Lanthanum Enhances Biomass and Bioactive Metabolite Production in Glycyrrhiza uralensis via Coordinated Gene Regulation

Yuanyang Shao¹Yushi Wang¹Yunhao Zhu²Lei Wang³Yashun Wang¹Xingyu Guo¹Enai Zhai¹Huiqin Zou¹Yonghong Yan^1*

• ¹Beijing University of Chinese Medicine, Beijing, China
• ²Henan University of Chinese Medicine, Zhengzhou, China
• ³Henan Luoyang Orthopedic Hospital, Luoyang, China

Glycyrrhizic acid, liquiritin, and liquiritigenin are key secondary metabolites in Glycyrrhiza uralensis Fisch with significant pharmacological value, yet their relatively low content poses a challenge. To enhance their production, this study investigated the promotive effect and mechanism of the rare earth element lanthanum (La).

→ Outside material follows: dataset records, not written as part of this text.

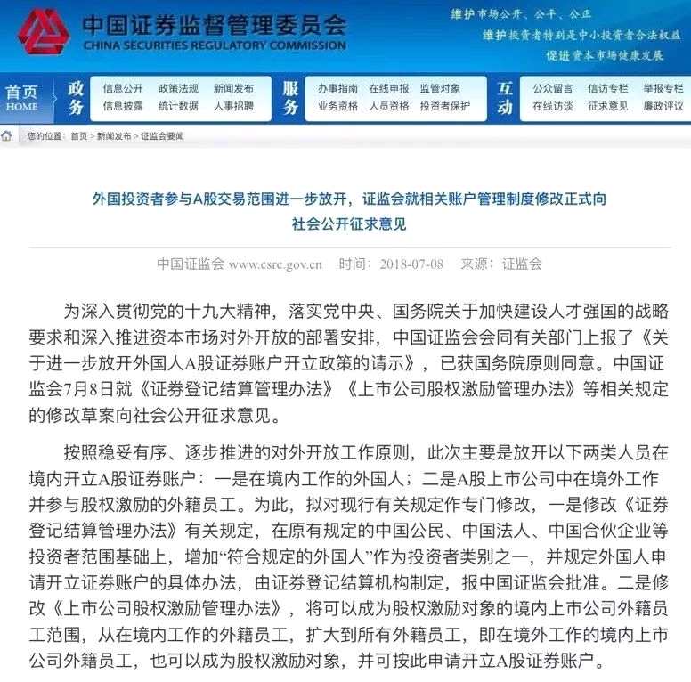 證監(jiān)會今日就賬戶管理制度修改正式向社會公開征求意見,進一步放開外國投資者參與A股交易,在境內(nèi)工作的外國人、在境外工作的境內(nèi)上市公司外籍員工,無論是否在中國,都可以開立A股證券賬戶參與交易。
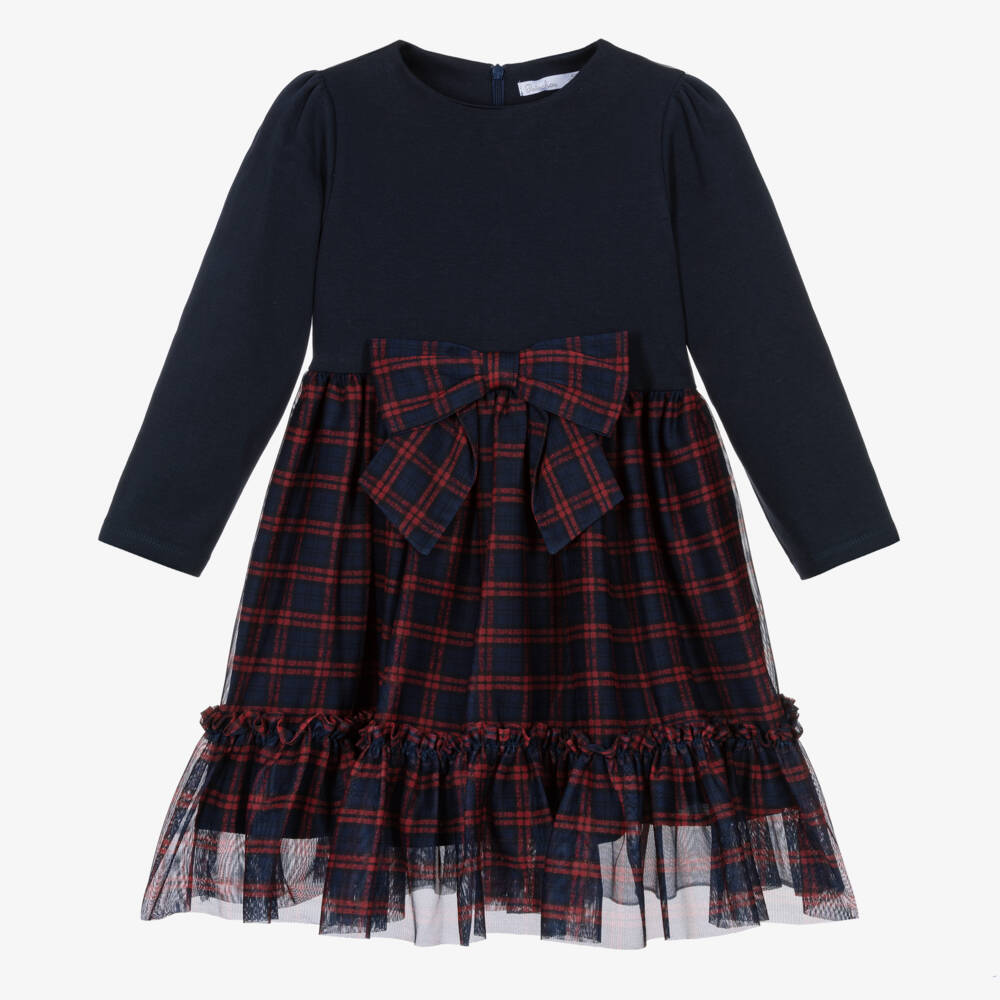 Girls Navy Blue & Red Tartan Tulle Dress
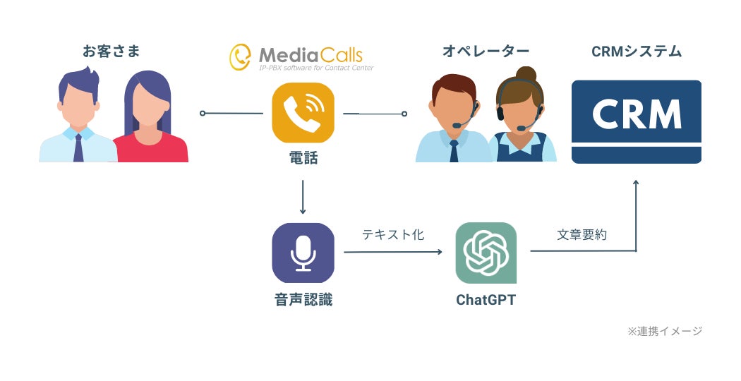 「MediaCalls」と「ChatGPT」を連携し、コールセンターでの顧客応対後の後処理時間を大幅削減する “通話内容の要約” および “要約したテキストの自動記録” を実現する新機能開発を行うことを発表いたします。
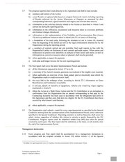 2.5 2.6 2.7 The Organisation shall notify the Contracting Authority and the European Commission without delay of any substantial change in the rules, procedures and systems applied in the implementation of the Action. This obligation concerns in particular (1) substantial changes affecting the pillar assessment undergone by the Organisation or (ii) those that may affect the conditions for eligibility provided for in the applicable legal instruments of the EU. The Parties shall use their best efforts to resolve amicably any issues resulting from such changes. The Contracting Authority reserves the right to adopt or require additional measures in response to such changes. In the event an agreement on such measures or other solutions cannot be reached between the Parties, either Party may terminate the Agreement in accordance with Article 13.3. The Organisation shall promote the respect of human rights and respect applicable environmental legislation including multilateral environmental agreements, as well as internationally agreed core labour standards. The Organisation shall not support activities that contribute to money laundering, terrorism financing, tax avoidance, tax fraud or tax evasion. Where the European Commission is not the Contracting Authority, it shall not be a party to this Agreement, with the consequence that rıghts and obligations arc conferred upon it only where explicitly stated. This is without prejudice to the European Commission's role in promoting a consistent interpretation of the terms of this Agreement. Article 3: Obligations regarding information and reporting General issues 3.1 3.2 3.3 3.4 3.5 3.6 The Organisation shall provide the Contracting Authority with full information on the implementation of the Action. To that end, the Organisation shall include in Annex I a work plan at least for the first year of the Implementation Period (or the whole Implementation Period where it is less than one year). The Organisation shall submit to the Contracting Authority progress report(s) and a final report in accordance with the provisions below. These reports shall consist of a narrative part and a financial part. Every report, whether progress or final, shall provide a complete account of all relevant aspects of the implementation of the Action for the period covered. The report shall describe the implementation of the Action according to the activities envisaged in Annex I as well as the degree of achievement of its Results (Outcomes or Outputs) as measured by corresponding Indicators. The report shall be drafted in such a way as to allow monitoring of the objective(s), the means envisaged and employed. The level of detail in any report shall match that of Annexes land IH. Where the overall action of the Organisation lasts longer than the Implementation Period of this Agreement, the Contracting Authority may request - in addition to the final reports to be submitted pursuant to Article 3.8 - the final reports of the overall action, once available. Any alternative or additional reporting requirement shall be set out in the Special Conditions. The Contracting Authority may request additional information at any time, providing the reasons for that request. Subject to the Organisation’s Regulations and Rules, such information shall be supplied within thirty (30) days of receipt of the request. The Organisation may submit a duly motivated request to extend the 30-day deadline. The Organisation shall notify the Contracting Authority without delay of any circumstances likely to adversely affect the implementation and management of the Action, or to delay or Jeopardise the performance of the activities. Content of the reports Contribution Agreement 2018 Annex II - General Conditions Page 5

The impact of La treatment on Glycyrrhiza uralensis was systematically evaluated by measuring biomass parameters (plant height, root fresh weight, root dry weight), metabolite content (UPLC-MS/MS), and the expression levels of key biosynthetic genes (transcriptomics). Results showed that La treatment significantly promoted plant growth (increased biomass parameters) and enhanced the accumulation of secondary metabolites (glycyrrhizic acid, liquiritin, liquiritigenin). Concurrently, La markedly upregulated the expression of key genes in the glycyrrhizic acid pathway (SQE, CYP88D6) and the liquiritin/liquiritigenin pathway (PAL, C4H, CHS, 4CL). Significant positive correlations were observed among La-induced biomass increase, metabolite enhancement, and upregulation of these key genes. Mechanistically, La exerts a dual regulatory effect: it increases the biomass accumulation of precursors for metabolite synthesis while simultaneously upregulating the expression of key rate-limiting enzyme genes (SQE, CYP88D6, PAL, C4H, CHS, 4CL) in the biosynthetic pathways, ultimately synergistically promoting the accumulation of glycyrrhizic acid, liquiritin, and liquiritigenin. This study elucidates the mechanism by which La enhances the accumulation of major secondary metabolites in Glycyrrhiza uralensis, providing a novel strategy for utilizing rare earth elements to boost the yield of bioactive compounds in medicinal plants.